The methods, models, and data produced by the Center's research activities will be provided as interoperable, grid-enabled components of a state-of-the-art bioinformatics platform that will allow them to be
- (a)
- integrated with a variety of other existing bioinformatics modules for the analysis, visualization, and management of multiple data modalities and
- (b)
- assembled into complex bioinformatics workflows and biomedical applications using a simple yet powerful visual front-end and a scripting language.
The new platform will be called geWorkbench (Genomic Workbench) and will be based on caWorkbench, an existing integrated genomics environment developed by the Center's investigators with funding from NCI, specifically the caBIG initiative. A key feature of geWorkbench will be its integration with GenePattern (a leading bioinformatics application that is also funded by caBIG) which will enable geWorkbench users to gain access to the advanced analysis modules available in GenePattern. We will develop and use a Biomedical Informatics Structured Ontology (BISON) to create interoperable interfaces for the components of both platforms and the GenePattern scripting language to allow their assembly into complex workflows. We will also use the GeneTegrate semantic layer to create a traversable object-relationship graph to support the identification and the management of all the platform objects (e.g. a protein sequence or a software component for sequence analysis). Finally, components that are data or computationally-intensive will be wrapped as grid-services using the Globus toolkit.

A team of experts, familiar with large-scale commercial and academic software development will lead and coordinate the geWorkbench related activities. Based on significant expertise in interacting with the biomedical community, gained through participation in the caBIG project, the development effort will be both driven and tested by the broader biomedical community to ensure the usefulness of the geWorkbench tools and graphical user interfaces. Appropriate workshops and web-based seminars (webinars) for developers and end-users will be run by the Center and on-line documentation, including videos and multimedia materials, will be made available to the community for training purposes. Existing videoconferencing infrastructure, coupled with collaborative software available from the caBIG project will be used for distance and multi-site training, without requiring significant travel by the Center's personnel. The software development effort will proceed according to established software engineering principles, including:
- A rational Software Development Lifecycle based on UML tools and processes, including the creation of functional requirements, use cases, and entity relationship diagrams.

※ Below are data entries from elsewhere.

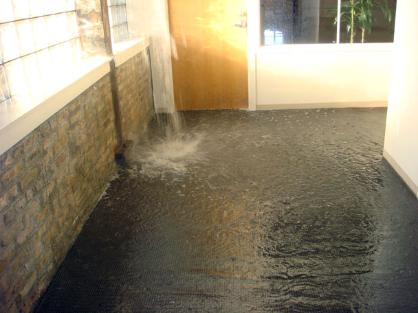 Last week, while working downtown in the loop at my job, we heard a terrible commotion in the hall. We looked down the hall, and saw some water dripping from the ceiling – we’re on the top floor of a 6 story building. Suddenly, the water turned into a veritable flood, like someone above us on the roof had turned on a fire hydrant.
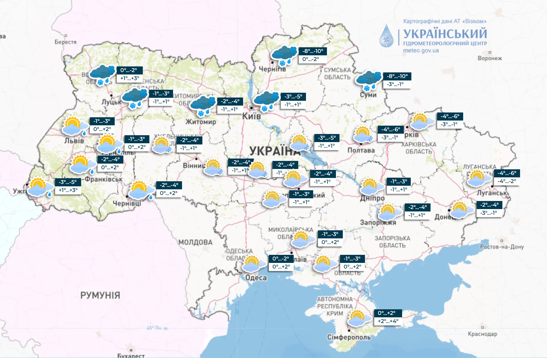 У північних областях очікуються невеликі опади у вигляді мокрого снігу з дощем. Найхолодніше цього разу буде в Сумській області, де ртутний стовпчик термометра може опуститися до -3 градусів.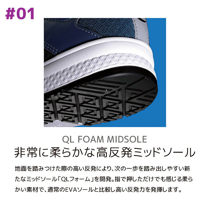 21250951 ネイビー21250952 ブラック/グレイ 21250953 ブラック/レッド21250954 ブラック跳ねるように動ける 異次元の反発力 Quantum leap 品番 QL-01 #01 QL FOAM MIDSOLE 非常に柔らかな高反発ミッドソール 地面を踏みつけた際の高い反発により、次の一歩を踏み出しやすい新たなミッドソール「QLフォーム」を開発。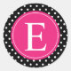 Pegatina Redonda Monograma rosado de punto de polka negro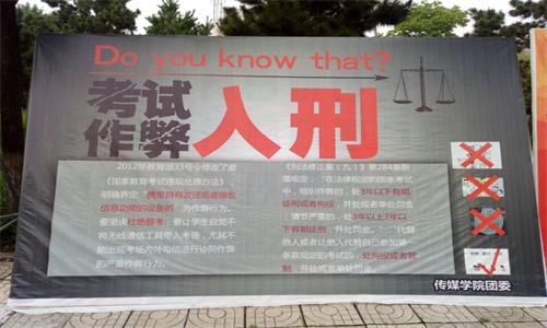 期末考试来临之前,我院于学校北门张贴考试展板。“考试作弊入刑”六个醒目的大字印刻在展板上,警醒着每一位同学们:拒绝考试作弊,诚信对待考试。我院一直坚持严肃考场纪律,倡导考试诚信,杜绝考试作弊的原则,考前做好警示、同学们签写考试倡议书,考后严肃处理,发现考试作弊绝不姑息。对这次期末考试营造了公平、良好的氛围。

- The use of proven (community-based) software development methodologies, including
- (a)
- Source Code Version Control,
- (b)
- bug tracking and resolution,
- (c)
- mailing lists-based communities, and
- (d)
- extensive unit, system, and integration testing methodologies.
- An appropriate modification of the UML approach to allow rapid integration of software prototypes from individual Center projects, supporting the creation and management of an innovation pipeline
- A community-centric approach to the extension of the formal ontology (BISON) that supports the component interoperability framework. This will be accomplished by relying on the existing NCI's caDSR repository to deposit and revise BISON concepts and to obtain community feedback.

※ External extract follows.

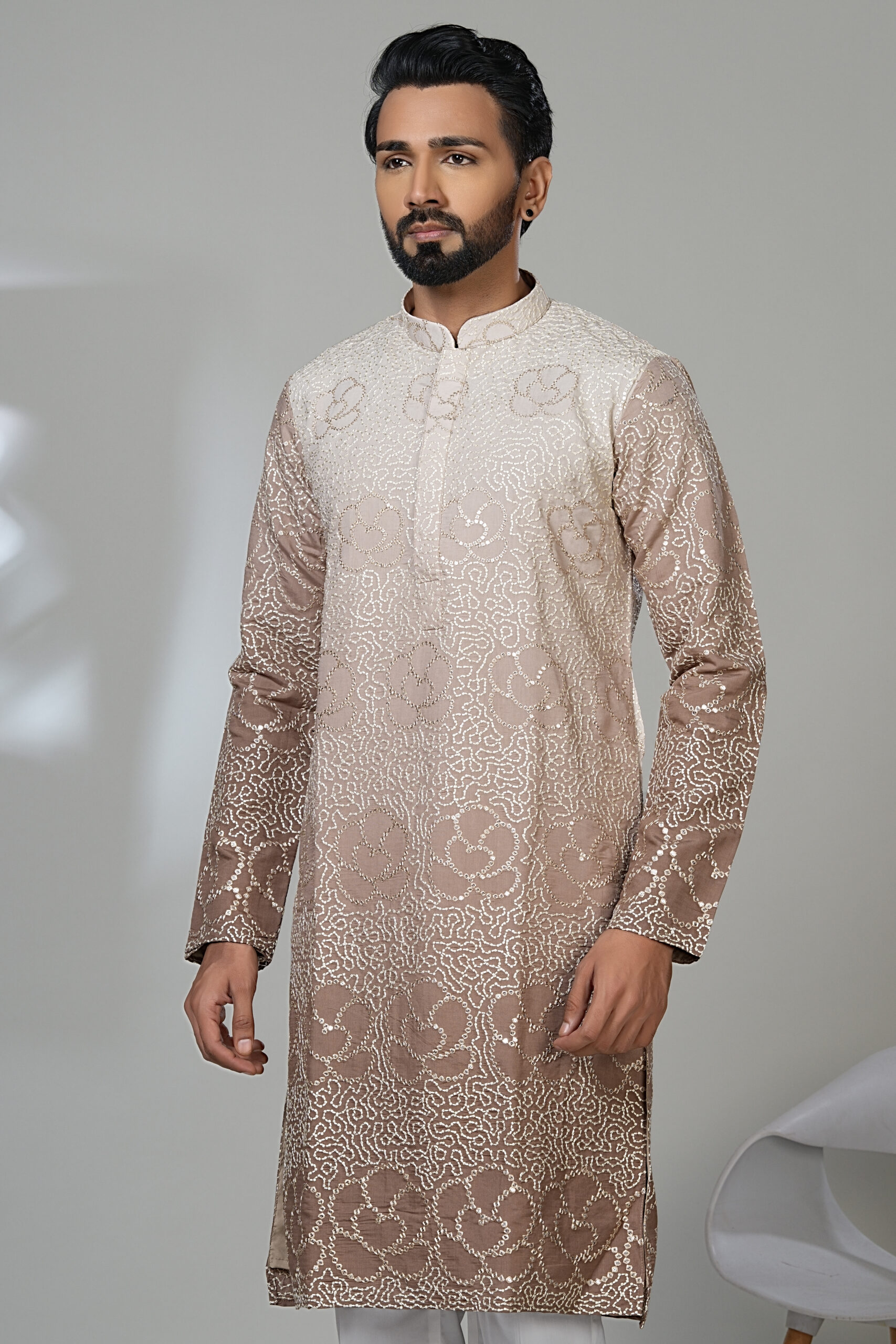 Elevate your traditional wardrobe with this elegant beige and brown kurta set, featuring intricate embroidery and a refined gradient design. The kurta showcases a high-quality fabric with detailed floral and swirl patterns that gracefully blend from light beige at the top to a rich brown at the hem. Paired with crisp white trousers and finished with black formal shoes, this ensemble is perfect for festive occasions, weddings, or cultural celebrations. The mandarin collar and button placket add a touch of sophistication, while the tailored fit ensures both style and comfort.

An important element of the software platform will be the development of specific software components that integrate algorithms and databases resulting from the Center's biomedical computation research activities. For instance, the interaction of two transcription factors may be identified from the literature (using NLP methods), from protein-protein structural interactions (using domain recognition motifs), from expression data (using information theoretic or regression methods), or from databases (using ChIP-on-Chip experimental assays). Such clues will have an associated likelihood and their integration will allow improving our overall confidence measure. Besides providing evidence about a specific interaction, this approach will allow clues obtained by one method to trigger conditional analysis via other methods. For instance, the identification of a specific transcription factor interaction by regression-based reverse-engineering may trigger the analysis of the specific protein-protein interaction at the structural level (assuming that the protein structures are both known).